Anyway, I don’t want to come across as overly negative of the professors work. I like that they took an interest in the Clemens’ report. Their challenge to the reports seemingly selective use ERA statistics seems reasonable, but in the end, their conclusion appears equally tenuous. If we were to apply their methods to many other different pitchers, using a variety of metrics, I wonder how many great pitchers would have suspicious looking careers. I doubt only Clemens. I’m also genuinely surprised that four professors decided to announce their statistical findings directly in the New York Times sports section. It’s nice to know this is an option should I ever become a professor. For now though, I remain a lowly PhD student with a not particularly well-read blog.
February 14th, 2008 at 10:23 am
Sorry, the quadratic doesn’t cut it in the era. WHIP is obviously the same. At least three phases, which shoots down the theory that statistics support a simple drug use pattern.
http://img197.imagevenue.com/img.php?image=12578_clemens_era_122_527lo.jpg
February 14th, 2008 at 3:42 pm
Drew, that’s a good point.

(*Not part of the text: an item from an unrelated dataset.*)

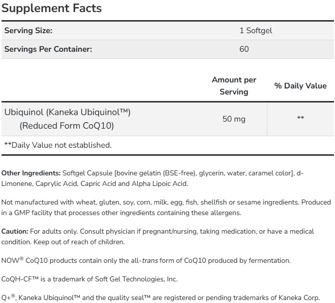 Свойства и характеристики на Ubiquinol CoQH-CF от Now:

I only used a quadratic because that’s what the professors used, but the choice clearly biases the curve to divide a pitcher’s career into “two phases”. Looking at the actual data, and the image you posted, a higher degree polynomial is probably more appropriate. Unfortunately, to get the three phase behavior you’ve suggested, a polynomial of at least degree six is required. I just tried this, but it didn’t reveal much. It was basically overfitting the data.